**Data provided:**
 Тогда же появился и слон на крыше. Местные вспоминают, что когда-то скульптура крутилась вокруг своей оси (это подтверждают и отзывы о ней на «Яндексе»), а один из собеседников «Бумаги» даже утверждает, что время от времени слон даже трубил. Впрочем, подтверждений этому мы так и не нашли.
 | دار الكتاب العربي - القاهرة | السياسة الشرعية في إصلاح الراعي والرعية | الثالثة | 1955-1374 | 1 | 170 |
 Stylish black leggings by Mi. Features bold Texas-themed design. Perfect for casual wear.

==

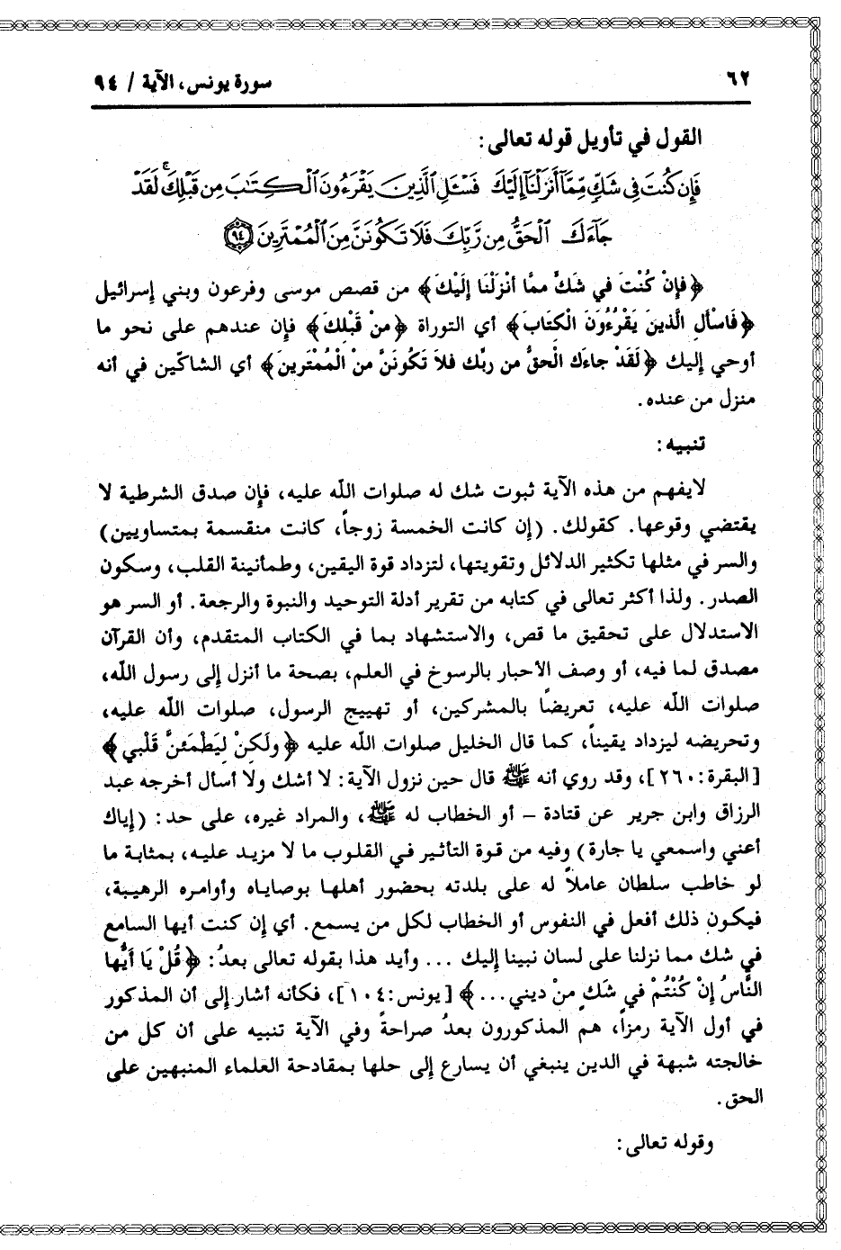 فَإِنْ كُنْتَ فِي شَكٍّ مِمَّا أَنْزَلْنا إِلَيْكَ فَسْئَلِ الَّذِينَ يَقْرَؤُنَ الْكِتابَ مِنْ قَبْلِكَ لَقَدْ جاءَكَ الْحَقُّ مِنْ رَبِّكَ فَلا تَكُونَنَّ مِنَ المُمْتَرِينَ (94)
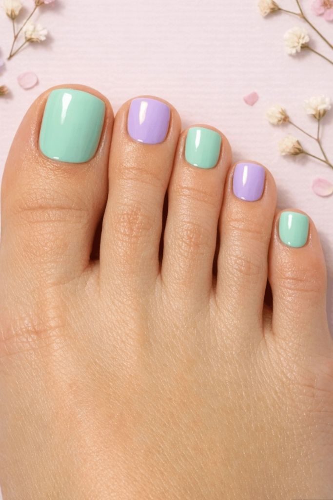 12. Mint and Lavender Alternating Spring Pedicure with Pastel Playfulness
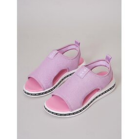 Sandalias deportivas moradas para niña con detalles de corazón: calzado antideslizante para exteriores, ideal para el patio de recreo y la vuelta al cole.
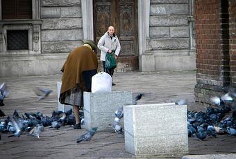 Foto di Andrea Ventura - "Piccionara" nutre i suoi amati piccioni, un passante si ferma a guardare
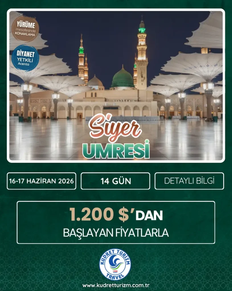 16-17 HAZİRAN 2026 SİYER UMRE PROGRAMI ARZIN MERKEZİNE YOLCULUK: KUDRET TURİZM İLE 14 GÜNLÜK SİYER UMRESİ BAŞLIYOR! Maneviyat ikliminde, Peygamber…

**Problem to work on:**
Set down only the lines above that fall between the line holding "Тогда же появился" and the line holding "Stylish black leggings", inclusive, keeping each exact.

**Reply to the task:**
 Тогда же появился и слон на крыше. Местные вспоминают, что когда-то скульптура крутилась вокруг своей оси (это подтверждают и отзывы о ней на «Яндексе»), а один из собеседников «Бумаги» даже утверждает, что время от времени слон даже трубил. Впрочем, подтверждений этому мы так и не нашли.
 | دار الكتاب العربي - القاهرة | السياسة الشرعية في إصلاح الراعي والرعية | الثالثة | 1955-1374 | 1 | 170 |
 Stylish black leggings by Mi. Features bold Texas-themed design. Perfect for casual wear.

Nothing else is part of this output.